Forrester buying Jupiter – smart, but not a big deal

Forrester acquires JupiterResearch – will the analysts stay or walk?





  1. How about the Gartner acquisition of Dataquest back in the day? I’d rate that one a success.

  2. There are a couple of other interesting ones too that come to my mind —

    – Ovum’s acquisition of Summit Strategies
    – In-Stat’s acquisition of MicroDesign Resources (who published the Microprocessor Report)

  3. hi Gerry, Thx for the comment. I’ll add your other examples to the list in the main post.

    I agree that Gartner buying Dataquest (December 1995) was a success. Gartner had sold its previous market research units (InfoCorp and COMTEC) in June 1991 and had been at a competitive disadvantage in the vendor market after that.

    Gartner CEO Manny Fernandez who organized the acquisition had formerly been CEO of Dataquest.

    I was a Gartner VP and Research Director working at Gartner’s Santa Clara offices when San Jose-based DQ was bought. While successful, the integration of the two cultures was extremely rocky and painful.

  4. Hi Maureen, Thanks for the comment.

    Completely agee that the move into learning software was a fiasco. The sales skills for software vs. analyst services were so different.

  5. Some day I’ll write the book about what Gartner passed on when it made the commitment to learning. Suffice it to say, technology coverage on the Internet could have gone in a very different direction.

  6. hi Jonathan, Thanks for the comment.

    That’s right! Gartner management was so preoccupied with the learning software effort that they did not want to invest the effort into building the ebusiness research team. However, they did throw $8m at Jupiter Communications when it was a startup.

  7. Another one I remember well was Gartner’s acquisition of Griggs-Anderson Research, headquartered here in Portland. They were extremely competent and quite successful as a specialist in custom market research when they were on their own — we used them for some projects at Intel.

    After snapping them up, Gartner turned them into “Gartner Custom Research” and spun them back out in 2005, I believe. They are still around, called GCR Insight, and still based here in PDX. I never knew the detailed reason why Gartner spun them back out.

  8. Gartner buying New Science 1993. Again a cultural clash, although the new analysts really helped the firm out in my view. (I joined Gartner in 1994 when New Science was still a separate product line.)

    Forrester buying Giga. Forrester, which had shot itself in the foot at the end of the 1990s, righted itself with this, especially as Giga leaders were given the task of integration and change. From the outside, smart M&A.

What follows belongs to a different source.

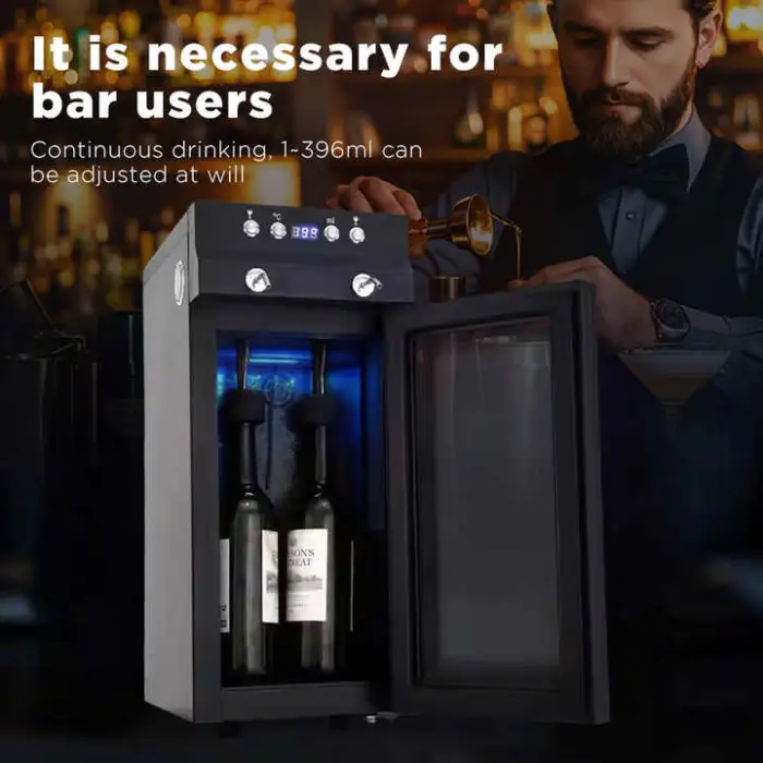 The wine dispenser maintains optimal temperature and uses compressor refrigeration to keep wine fresh.

    Gartner buying META. (I was at META when this happened.) Gene Hall said he wanted the sales force and he got them, as their earnings since show. Otherwise this was a “take out a competitor” move. Those analysts they wanted they got and after a shakedown have mostly kept. But it did what Hall wanted it to do (and that’s what he’s paid to do). A success.

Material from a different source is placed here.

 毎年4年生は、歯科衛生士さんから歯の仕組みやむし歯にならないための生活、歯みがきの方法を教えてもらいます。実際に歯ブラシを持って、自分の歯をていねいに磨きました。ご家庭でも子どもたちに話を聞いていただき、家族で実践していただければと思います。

    The big point to remember is that NO business that is acquired by a research-centred firm has the margins research/advisory services do. So putting real effort into merging analyst companies (e.g. Forrester/Jupiter, Forrester/Giga) has a great payback since both have high margin capability. Adding benchmarking, consulting and (God forbid!) learning just eats into those margins, no matter how many synergies may exist.

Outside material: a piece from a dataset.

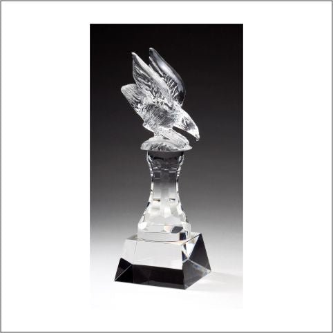 An Elegant In Flight Eagle Landing On Tall Crystal Pedestal , Fully Laser And Rotary Engravable With Deluxe Velour Lined Presentation Box

  9. Depends who you are, analyst, vendor, customer, stakeholder, or competitor, and what geography you operate in.

  10. As the analyst business become more and more focused on individuals (with the exception of Gartner), the value of buying a research outfit is getting similar to acquiring a consulting firm – the clients are largely tied to analyst relationships, hence the acquisition is only successful if you can retain the key talent. For analysts, if they are treated well by the new employer this should not be a huge problem, but some analysts may prefer working for a small organization and not feel comfortable with all the cultute, politics, process and metics posed by one of the more corporate research firms.